Exact copy, pictures excluded: write out every line below.

• **Exercise data**:
--- START ---

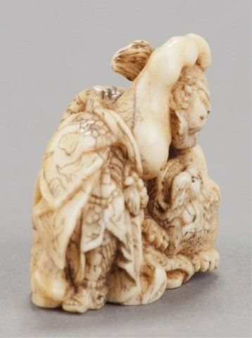 We are able to ship Netsuke from our gallery for this auction. Unfortunately we will not be able to ship any ivory to areas where its import is forbidden by law. Shipping ability and cost is contingent upon destination, insurance, and weight of the package. We charge an additional handling fee of 10/box.
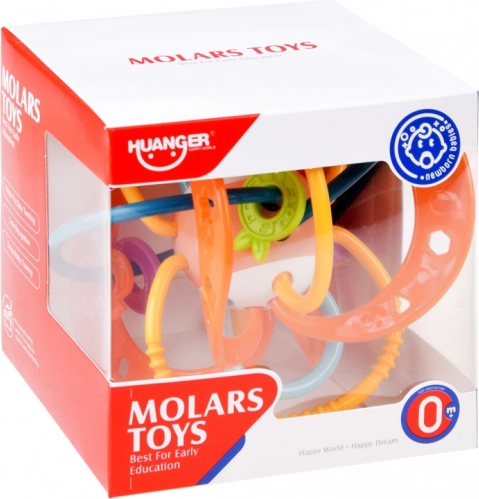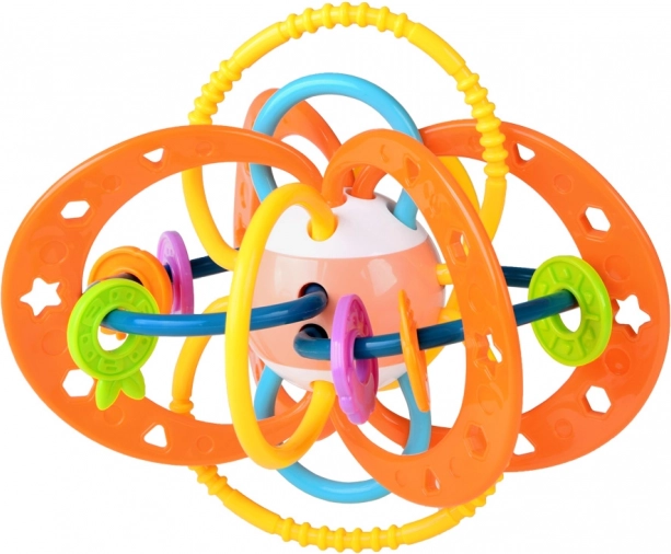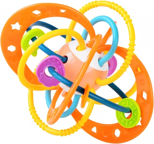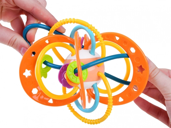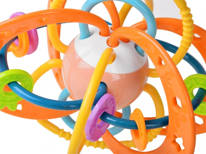 Denne farverige bidering med rangle tilbyder masser af sanseindtryk til babyens udvikling. De sammenflettede løkker er nemme at gribe for små hænder, og de skiftende teksturer masserer gummerne og lindrer ubehag ved tandfrembrud. Den lette konstruktion er ideel både hjemme og på farten.
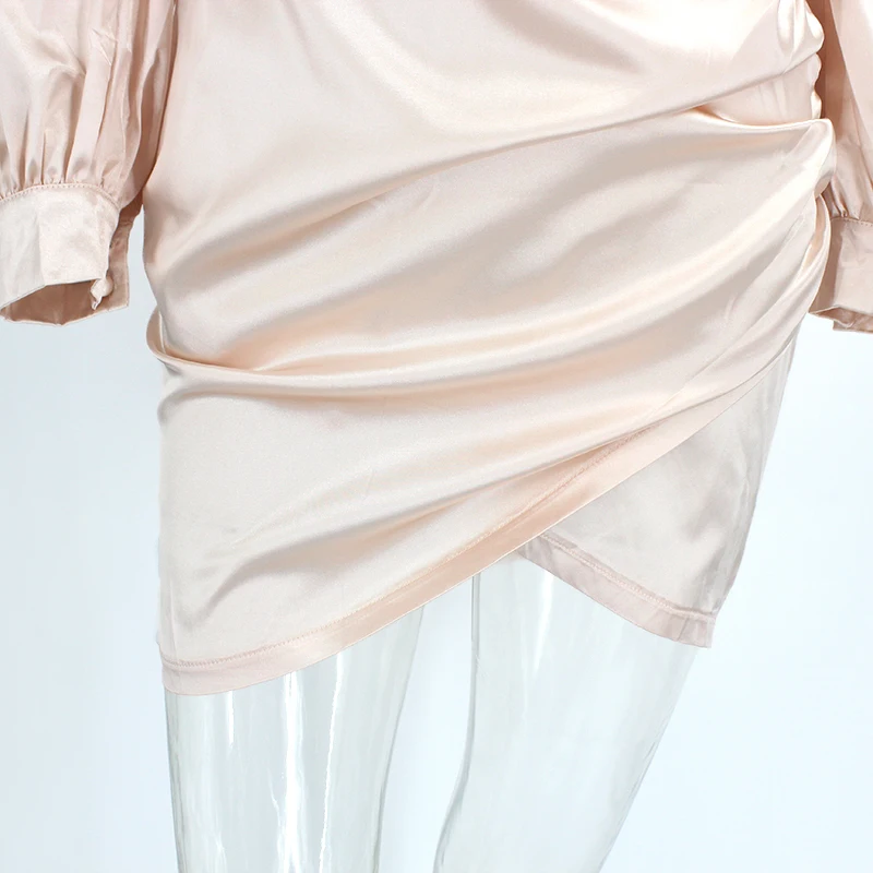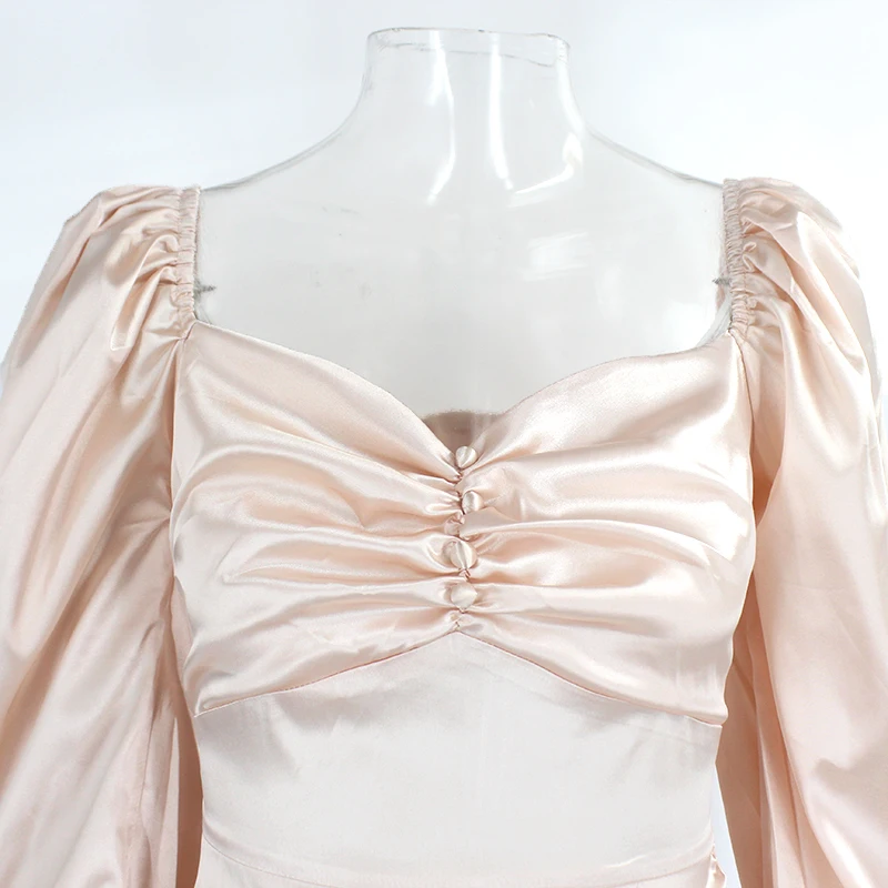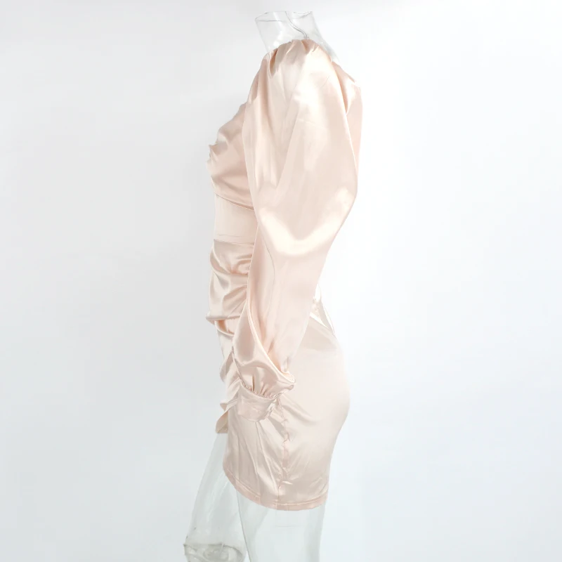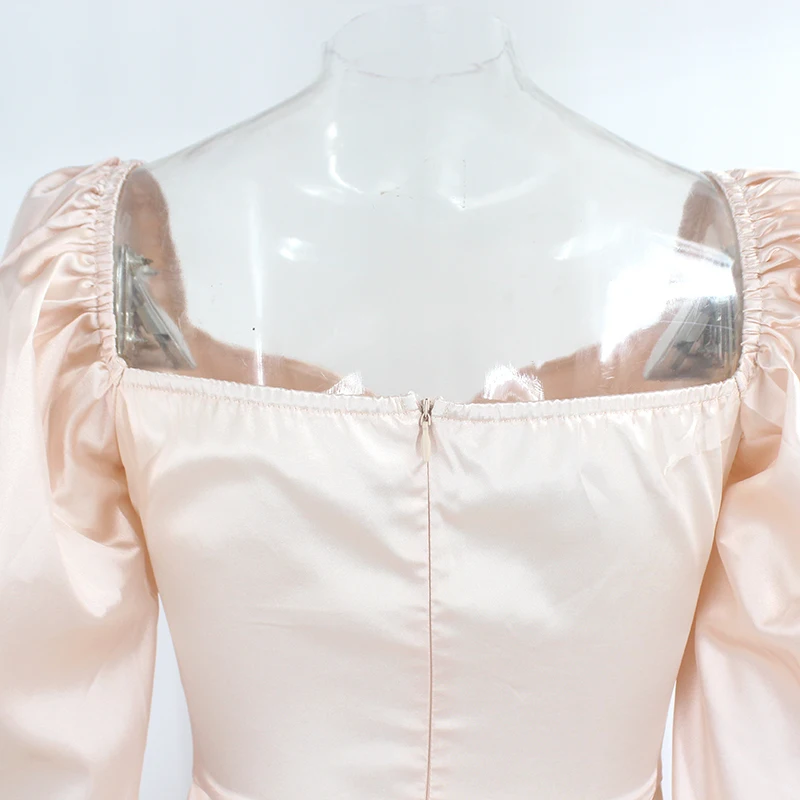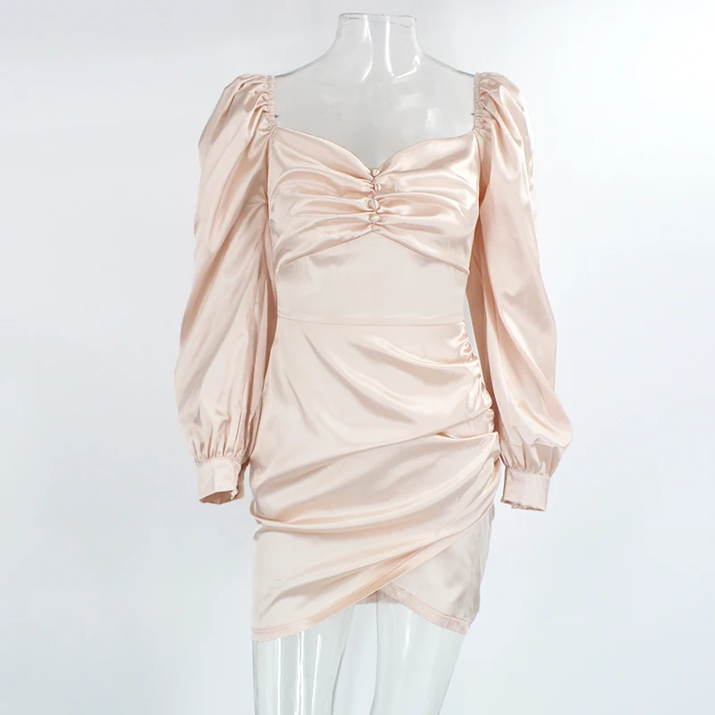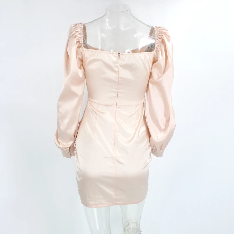 PFFLOOK Sexy Square Collar Party Dress Women Long Lantern Sleeves Ruched Bodycon Solid Mini Vestidos Zipper Autumn Black Dresses
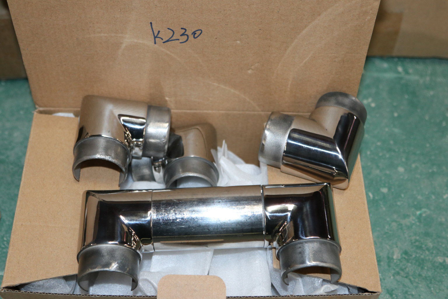 Фитинг предназначен для поворота поручня самосборных ограждений с несущим стеклом под углом 90 градусов в горизонтальной плоскости.

--- END ---

• **Output for this exercise**:
 We are able to ship Netsuke from our gallery for this auction. Unfortunately we will not be able to ship any ivory to areas where its import is forbidden by law. Shipping ability and cost is contingent upon destination, insurance, and weight of the package. We charge an additional handling fee of 10/box.
 Denne farverige bidering med rangle tilbyder masser af sanseindtryk til babyens udvikling. De sammenflettede løkker er nemme at gribe for små hænder, og de skiftende teksturer masserer gummerne og lindrer ubehag ved tandfrembrud. Den lette konstruktion er ideel både hjemme og på farten.
 PFFLOOK Sexy Square Collar Party Dress Women Long Lantern Sleeves Ruched Bodycon Solid Mini Vestidos Zipper Autumn Black Dresses
 Фитинг предназначен для поворота поручня самосборных ограждений с несущим стеклом под углом 90 градусов в горизонтальной плоскости.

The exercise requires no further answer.